Beth struggles, also, to come to terms with her illness. She has better and worse days, and readers learn through Barrett that she dresses every day in white, which seems to reflect a sense of ghostliness and being only partly visible. She dreams about searching for some lost thing she can't identify, and feeling compelled to take a gumball from a gumball machine despite knowing that one of the gumballs in the machine is poison. On a day when she feels well enough to do so, goes into the shop where Barrett works. It turns out that she and her best friend Liz Compton founded and own the shop. None of the four main characters -- Tyler, Barrett, Beth, or Liz -- are entirely comfortable relating to one another amidst rapidly changing circumstances.

Then, as if miraculously, Beth's cancer disappears. Her doctor urges cautious optimism, and while the four characters are relieved on some level at her amazing recovery, they are also at somewhat of a loss for what to do in light of this dramatic change of direction. Barrett struggles to understand what her illness and recovery mean in the larger picture of the personal and spiritual meaning-making he has embarked upon, Tyler is thrilled to have not lost her, while simultaneously anxious about what this turn of events means in terms of his own personal and career life, and Beth struggles with feeling somewhat like a stranger in her own life, with a sense that she is expected to feel excessively grateful for a recovery that comes after she had accepted the inevitability of her death. Tyler and Beth discuss moving and begin to touch upon whether or not Barrett should continue to live with them, which turns out to be a loaded subject. Tyler continues using drugs and struggles with the fact that he is not progressing with his songwriting and music. Liz and Barrett both grapple with the fact that Tyler and Beth's transition into functioning as a "normal" couple means that they have less of a place in Tyler and Beth's lives.

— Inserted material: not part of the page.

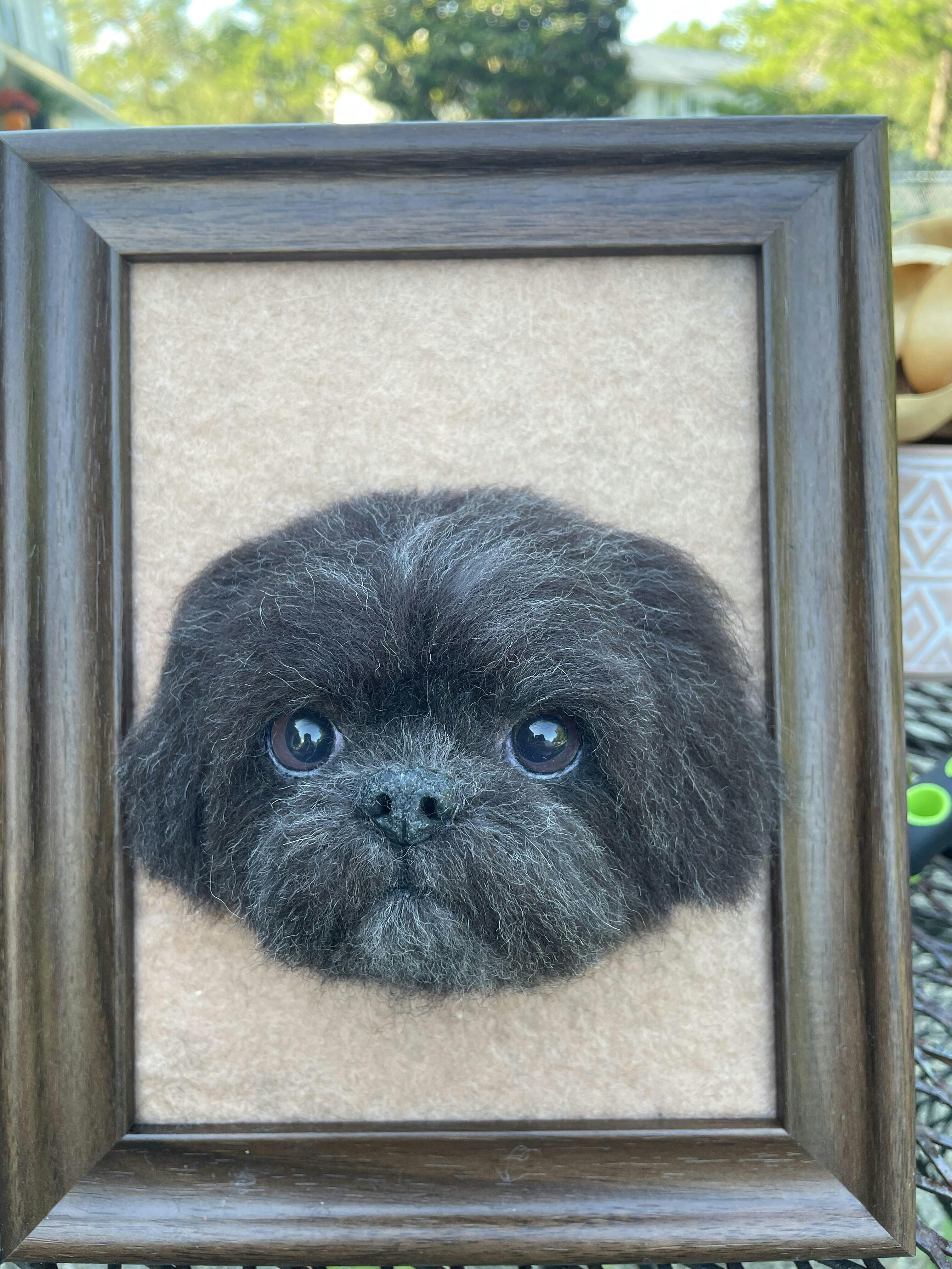 I got a wool felt portrait of my Pomeranian, and Sally nailed every detail—even down to his little teeth. I highly recommend her work; it’s incredible, and she is very talented. I had a tight timeline to receive it in time for my husband’s birthday, and Sally went above and beyond to ensure I got it on time. It made the perfect gift and I couldn’t be happier with the result.

The recovery ends up being short-lived, however, and Beth deteriorates quickly again in a matter of months, ultimately dying. The three remaining characters convene to scatter her ashes over the water together. Barrett and Tyler sell almost all of their furniture and belongings and move out of the apartment, with Tyler moving into a place of his own.

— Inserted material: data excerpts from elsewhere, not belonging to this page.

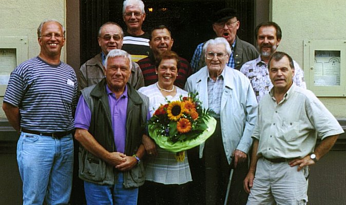 Abschied mit einem Blumenstrauß von der lieben " Bräustübel - Wirtin "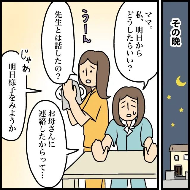 その晩。明日も同じようになったらどうしようと心配になった班長さんは「ママ。私、明日からどうしたらいい?」とお母さんに相談。的確なアドバイスがすぐに浮かばなかったお母さんは「うーん・・先生とは話したの?」と聞くと、先生から女の子のお母さんに連絡をしたということだったので「じゃあ、明日様子をみようか」とひとまず様子をみることに。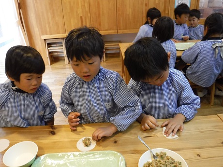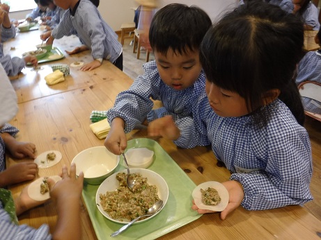 2017/11/10 ぎょうざミニクッキング餃子の皮に、調理員さんが作ってくれた種を置き、包んで、ホットプレートで焼きました。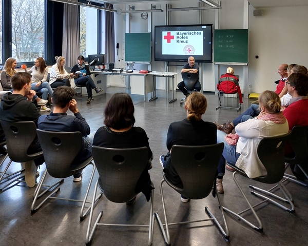 Dieses Schuljahr stand der Pädagogische Tag ganz im Zeichen der Ersten-Hilfe. In insgesamt 9 Unterrichtseinheiten á 45 Minuten schulte uns das BRK Landshut, wie man in verschiedensten Notsituationen richtig reagiert. Alle drei angebotenen Erste-Hilfe-Kurse waren proppenvoll – kein einziger Platz blieb unbesetzt.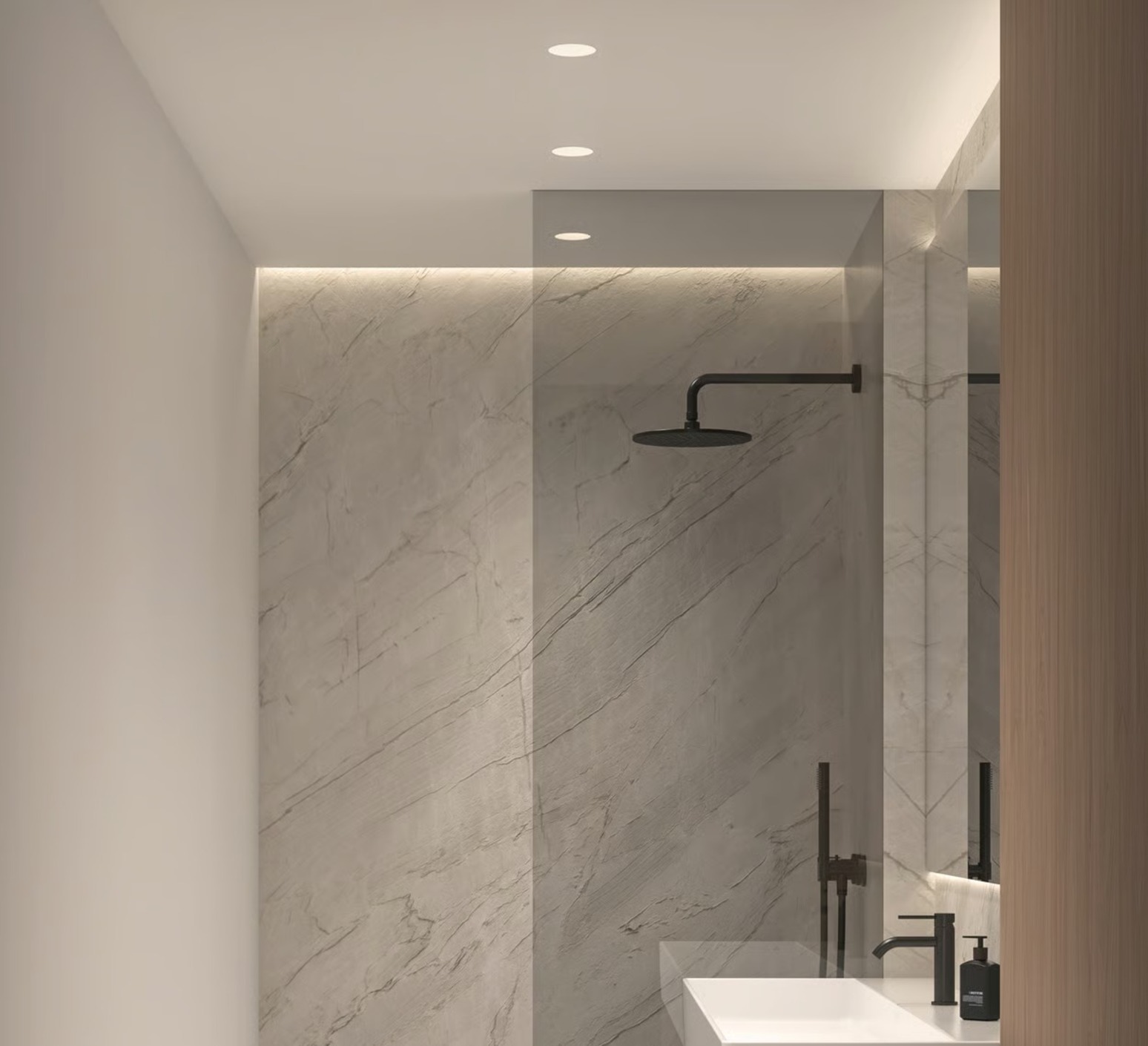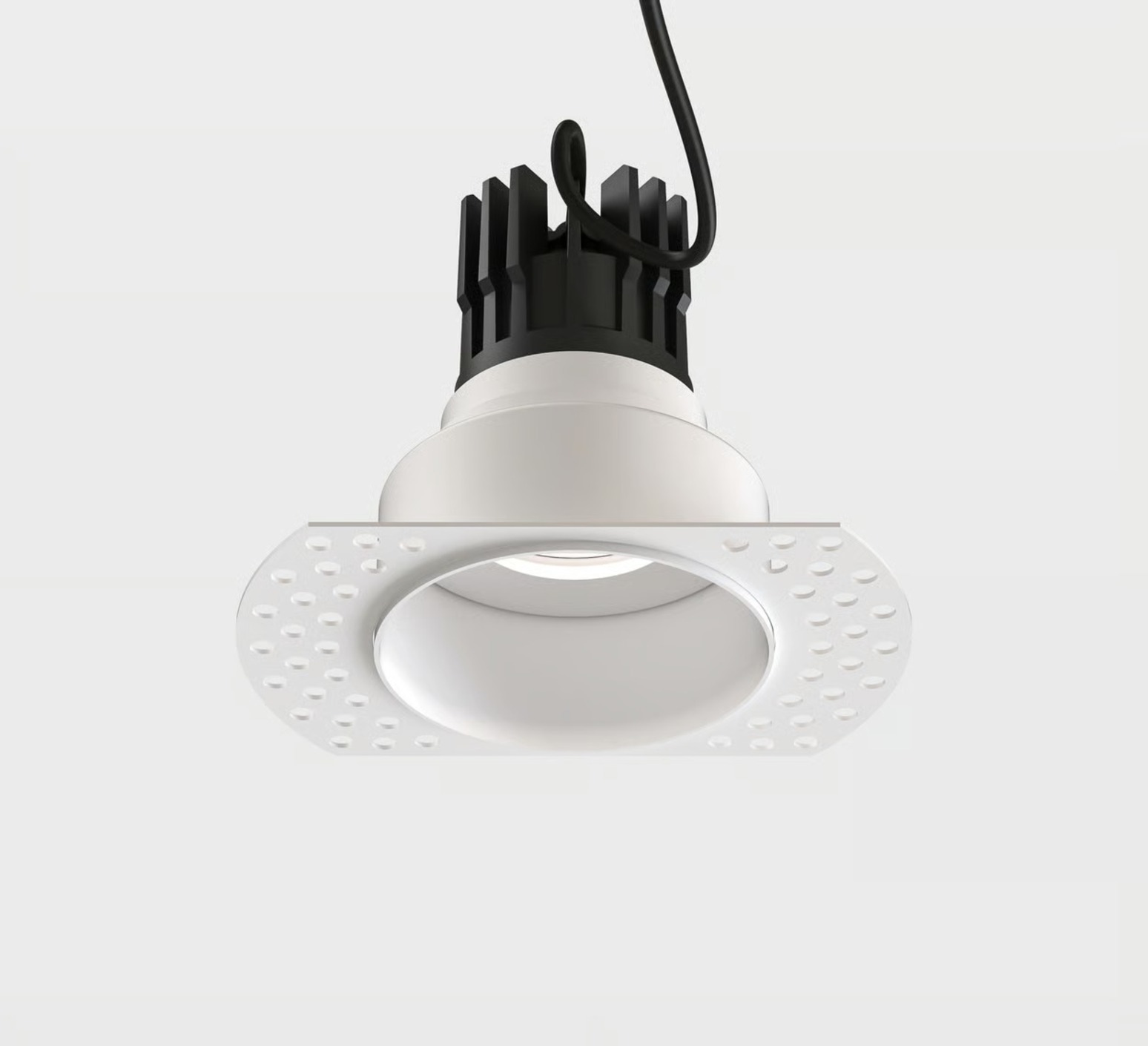 Su diseño trimless (sin borde visible) en acabado blanco mate se integra perfectamente en los techos modernos.

Tyler reaches out to Liz on his first night in the new place, and the two sleep together. It turns out that Liz and Tyler have been sleeping together for a long time, but not talking to anyone about it, including one another. Now they must figure out who they are to one another, in light of their new circumstances.

After some soul-searching, Liz decided to move to California. She wants a new start, and invites Tyler to join her. Tyler, however, after some modest songwriting success, says he needs to write one more song for the album he's working on. He agrees to meet Liz in California after his last song has been written.

Liz makes Barrett manager of the shop. Barrett, in the meantime, meets a new partner in a supermarket, and several months later, they are still seeing one another and showing signs of compatibility. While he has not made complete sense of the light he saw in Central Park, unraveling the mystery of it seems less compelling to him now as he accepts it as an event that seemed to herald positive changes in his life, whatever its origin.

There is a sense, however, that all might not end well for Tyler. He has switched from cocaine to heroin, which he thinks is aiding him in his songwriting, and seems to be on a path to self-destruction.